Front page continued (72) Inventor Makoto Onishi, 1500 Inoguchi, Nakai-cho, Ashigagami-gun, Kanagawa Terumo Corporation (72) Inventor Kenichi Shimura 1500, Inoguchi, Nakai-cho, Ashigagami-gun, Kanagawa Terumo Corporation

Claims (3)

[Claims] 1. A wound dressing material comprising one surface of a porous polyolefin membrane or a porous halogenated polyolefin membrane coated with a temperature-sensitive polymer having a lower critical solution temperature in the range of 0 to 35 ° C. in water. .. 2. A porosity of 50% or less and an average pore diameter of 0.01 to.

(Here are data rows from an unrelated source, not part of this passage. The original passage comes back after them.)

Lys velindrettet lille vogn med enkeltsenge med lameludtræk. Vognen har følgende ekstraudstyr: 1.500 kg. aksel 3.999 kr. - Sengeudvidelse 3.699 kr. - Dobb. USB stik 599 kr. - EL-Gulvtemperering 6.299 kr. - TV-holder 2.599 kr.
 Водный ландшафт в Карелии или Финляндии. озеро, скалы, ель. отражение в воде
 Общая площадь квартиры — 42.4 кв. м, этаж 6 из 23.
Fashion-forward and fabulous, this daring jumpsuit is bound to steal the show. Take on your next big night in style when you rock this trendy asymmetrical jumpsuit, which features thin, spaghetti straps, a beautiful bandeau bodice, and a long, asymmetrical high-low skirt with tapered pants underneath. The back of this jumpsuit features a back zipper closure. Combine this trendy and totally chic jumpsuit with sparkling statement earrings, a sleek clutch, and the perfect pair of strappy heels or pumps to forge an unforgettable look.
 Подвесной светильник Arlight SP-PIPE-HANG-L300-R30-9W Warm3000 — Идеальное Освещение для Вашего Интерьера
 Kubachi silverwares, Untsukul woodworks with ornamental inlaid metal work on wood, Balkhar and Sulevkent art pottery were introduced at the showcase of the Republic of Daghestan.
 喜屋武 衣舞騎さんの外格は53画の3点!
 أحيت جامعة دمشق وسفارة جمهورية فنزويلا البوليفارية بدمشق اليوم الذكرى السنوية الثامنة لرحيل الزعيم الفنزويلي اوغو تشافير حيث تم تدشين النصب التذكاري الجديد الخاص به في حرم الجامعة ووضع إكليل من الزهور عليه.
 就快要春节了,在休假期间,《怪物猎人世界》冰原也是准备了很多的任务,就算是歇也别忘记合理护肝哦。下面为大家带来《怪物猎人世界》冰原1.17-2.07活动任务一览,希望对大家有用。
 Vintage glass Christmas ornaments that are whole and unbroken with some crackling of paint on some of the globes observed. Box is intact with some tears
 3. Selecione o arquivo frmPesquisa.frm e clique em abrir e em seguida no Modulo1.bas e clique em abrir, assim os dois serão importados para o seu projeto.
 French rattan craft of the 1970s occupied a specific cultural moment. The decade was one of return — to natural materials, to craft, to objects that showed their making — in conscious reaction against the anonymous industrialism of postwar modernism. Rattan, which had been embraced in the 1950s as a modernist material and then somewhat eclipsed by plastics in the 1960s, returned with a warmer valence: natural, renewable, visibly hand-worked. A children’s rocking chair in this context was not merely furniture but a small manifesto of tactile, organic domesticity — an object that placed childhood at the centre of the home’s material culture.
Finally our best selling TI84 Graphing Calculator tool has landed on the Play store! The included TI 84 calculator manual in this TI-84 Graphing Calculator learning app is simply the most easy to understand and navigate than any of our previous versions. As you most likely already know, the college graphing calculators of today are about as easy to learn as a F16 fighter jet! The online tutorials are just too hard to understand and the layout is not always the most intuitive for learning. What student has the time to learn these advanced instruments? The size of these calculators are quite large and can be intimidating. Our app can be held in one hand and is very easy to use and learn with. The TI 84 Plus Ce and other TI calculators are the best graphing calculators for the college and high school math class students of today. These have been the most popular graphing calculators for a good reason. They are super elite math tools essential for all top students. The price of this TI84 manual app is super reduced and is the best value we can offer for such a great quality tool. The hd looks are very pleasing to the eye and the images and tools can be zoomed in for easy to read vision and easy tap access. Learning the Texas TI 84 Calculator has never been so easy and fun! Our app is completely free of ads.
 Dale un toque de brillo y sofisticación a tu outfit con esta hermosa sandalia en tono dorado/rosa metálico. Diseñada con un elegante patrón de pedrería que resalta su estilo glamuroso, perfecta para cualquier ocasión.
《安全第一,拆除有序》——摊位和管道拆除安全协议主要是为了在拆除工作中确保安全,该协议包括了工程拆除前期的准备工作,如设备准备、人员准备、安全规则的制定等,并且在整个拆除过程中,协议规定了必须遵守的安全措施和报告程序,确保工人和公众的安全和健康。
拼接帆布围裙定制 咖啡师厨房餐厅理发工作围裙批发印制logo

It is composed of a porous polyolefin membrane or a porous halogenated polyolefin membrane having a thickness of 1.0 μm, and has a lower critical dissolution temperature in water of 0 to 35 ° C. on its surface and pore inner surface.
A wound dressing material coated with a temperature-sensitive polymer in the range of. 3. A wound dressing containing the wound dressing of claim 1 containing a physiologically active substance.